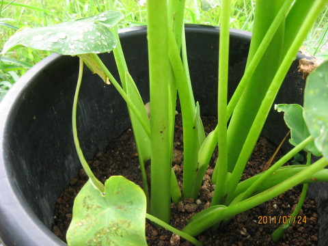 「里芋の鉢植え、底面潅水栽培。(7/24)」
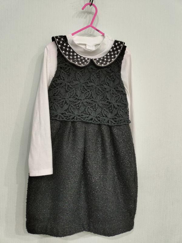В дуже гарному стані святкова сукня на дівчинку 6-7років. Довжина від плеча до низу 65см, напівоб'єм грудей 30см, талія 30см.
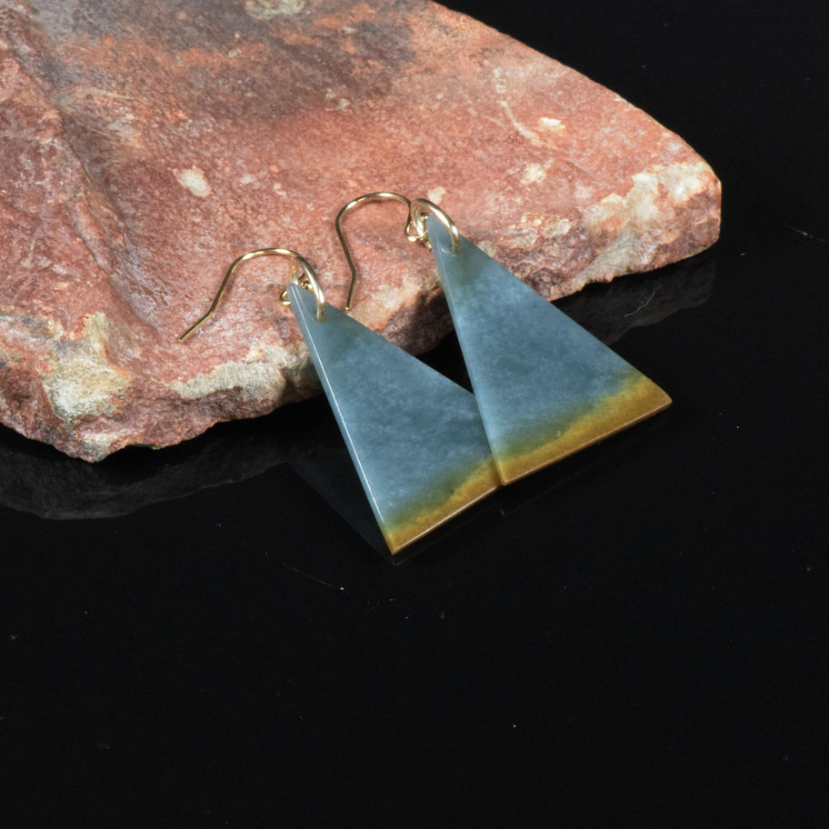 These earrings are a very nice deep blue/green with a nice bottom egde of orange influence. They are uniform in thickness and considered my standard flat surface earrings. All edges have been rounded and polished. The flat surface is highly polished and very reflective which is hard to do with jadeite flat surfaces. I spend a lot of time on the detail of all my items which makes these a very nice high quality pair of earrings.
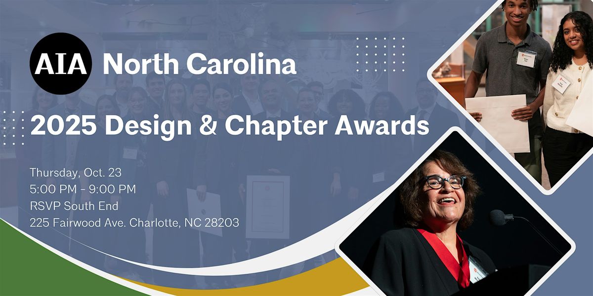 Join us on Thursday, October 23rd for the AIA NC Design & Chapter Awards in Charlotte! Celebrate excellence in architecture, honoring outstanding projects and individuals who have made significant contributions to the built environment across our state.
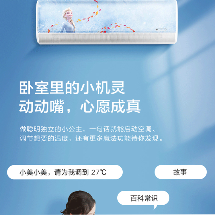 美的艾莎兒童空調(diào)自帶聲控,還可以陪伴孩子學習講故事。
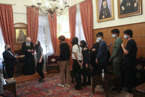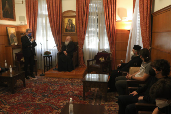Οι καθηγητές ευχαρίστησαν τον Αρχιεπίσκοπο για την υποδοχή και τον ενημέρωσαν ότι στο πλαίσιο εργασίας που ανέλαβαν οι μαθητές για τα ιερά μυστήρια και την Αγία Φιλοθέη την Αθηναία, εξέφρασαν την επιθυμία να συναντηθούν μαζί του, ώστε να πάρουν την ευχή του, και στη συνέχεια να επισκεφθούν το Αρχοντικό Μπενιζέλου, πατρικό σπίτι της Αγίας Φιλοθέης στην Πλάκα.
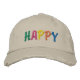 This is a fun, colourful 'distressed' baseball cap with the word HAPPY spelled in big colourful embroidered letters! It will make a cool and happy Christmas gift idea for someone you love!

Exercise instructions: From the line containing "Οι καθηγητές ευχαρίστησαν" through the end of the entries, quote each line exactly and nothing else, excluding all pictures.

Your solution:
Οι καθηγητές ευχαρίστησαν τον Αρχιεπίσκοπο για την υποδοχή και τον ενημέρωσαν ότι στο πλαίσιο εργασίας που ανέλαβαν οι μαθητές για τα ιερά μυστήρια και την Αγία Φιλοθέη την Αθηναία, εξέφρασαν την επιθυμία να συναντηθούν μαζί του, ώστε να πάρουν την ευχή του, και στη συνέχεια να επισκεφθούν το Αρχοντικό Μπενιζέλου, πατρικό σπίτι της Αγίας Φιλοθέης στην Πλάκα.
 This is a fun, colourful 'distressed' baseball cap with the word HAPPY spelled in big colourful embroidered letters! It will make a cool and happy Christmas gift idea for someone you love!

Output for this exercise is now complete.